| It’s always the way. You wait ages for one great tale about bus memorabilia…
Having heard mention of my serial purchases, a listener to Radio Devon’s lunchtime phone-in called the BBC to say he had an old Western National bus stop which was of “no further use” to him.
Naturally, as a man with a thriving need, I called him back and arranged to take a look.
He used to work as a docker in the 1960s, it turned out, loading ships at Millbay Docks in Plymouth with their cargo of scrap metal for export.
“One day a crate came in with this on top, and I thought it looked interesting.”
Thank goodness for people like him. As I said in the piece he’d heard, it’s a tragedy that we so rarely take an interest in the commonplace. The objects that make up our modern street scene are the furniture of our outdoor lives – we see them, read them, touch them - inadvertently we bond with them every day. Yet it takes keen eyes to spot these things changing, and a keen hand to make a rescue.

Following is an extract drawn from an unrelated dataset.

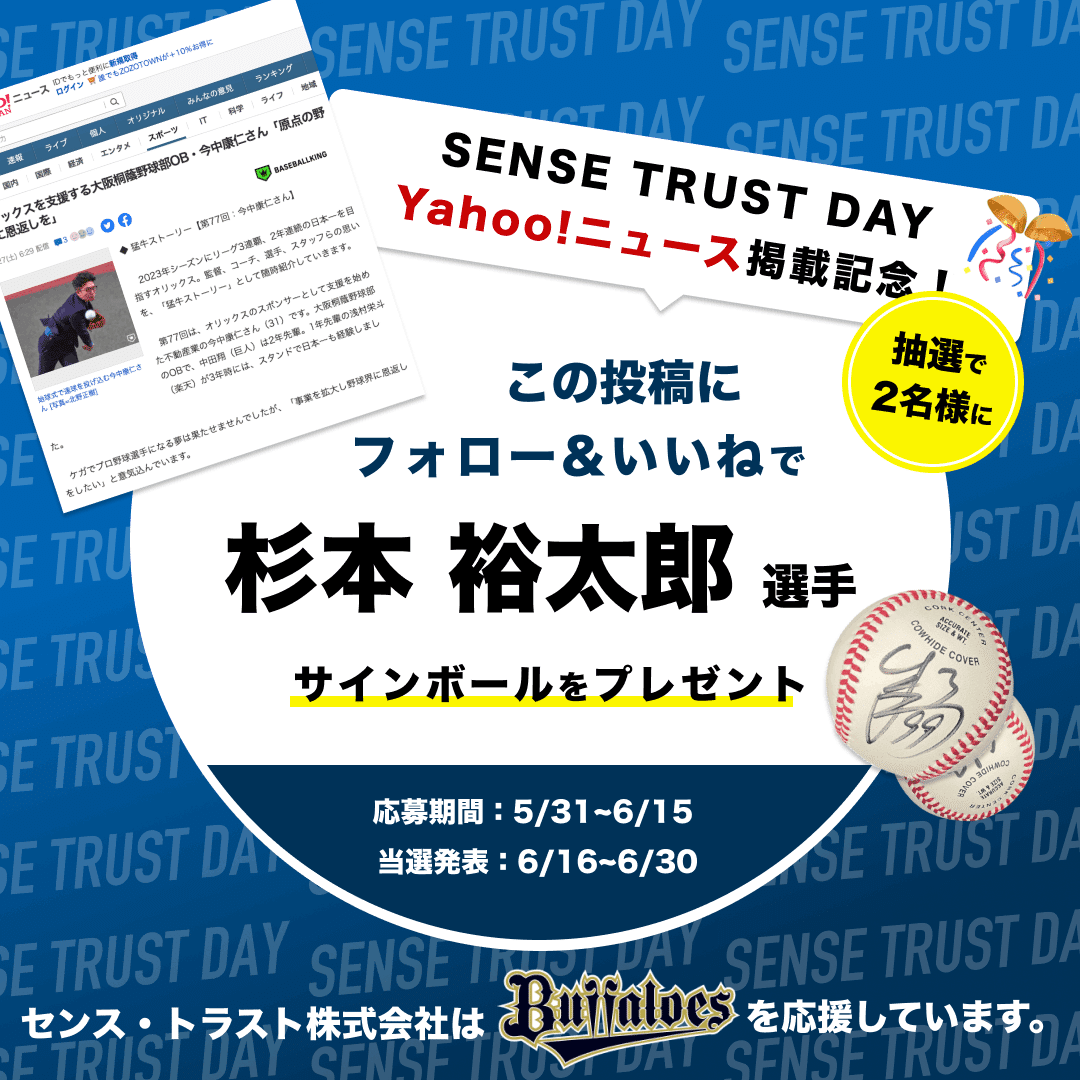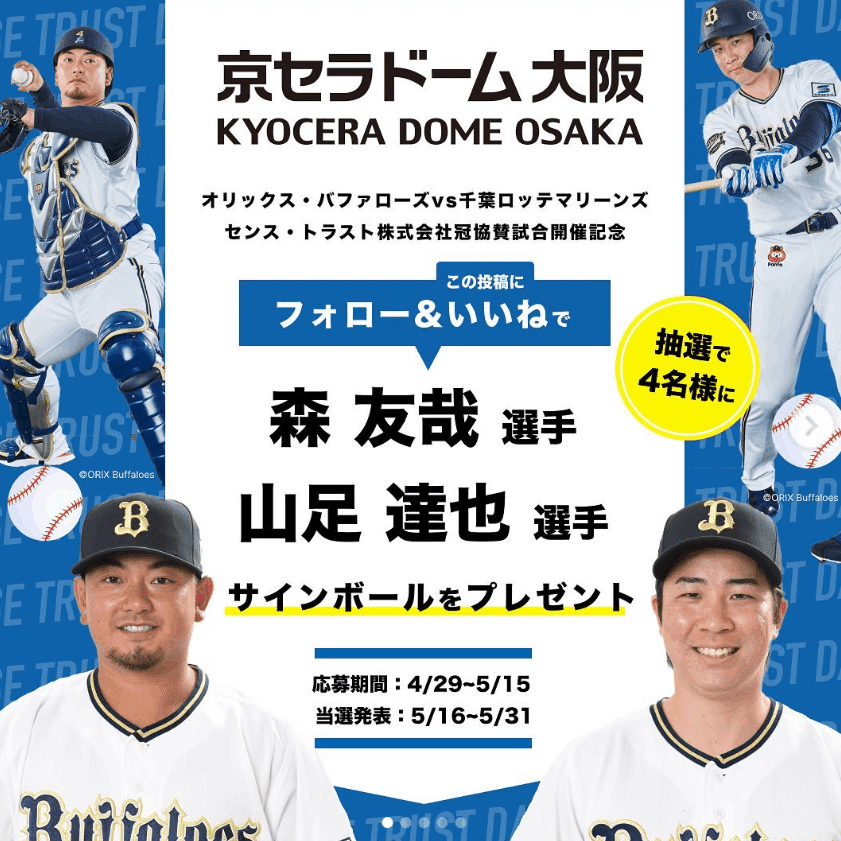 先月、京セラドーム大阪で行われた冠協賛試合「SENSE TRUST DAY」の開催を記念して、Instagramにてキャンペーンを実施しました。

And so commonplace becomes rarity, and you find yourself in a stranger’s garage staring at a little survivor that so encapsulates its time. A survivor only because it looked interesting.
There’s something eerie about it all.
“That would have gone to Spain”, he said as I reached for my wallet.
And yet, here it is, some 40 years since it last saw a bus, still in Plymouth. And tomorrow, when the postman arrives, it’ll be united with one of its North Devon cousins.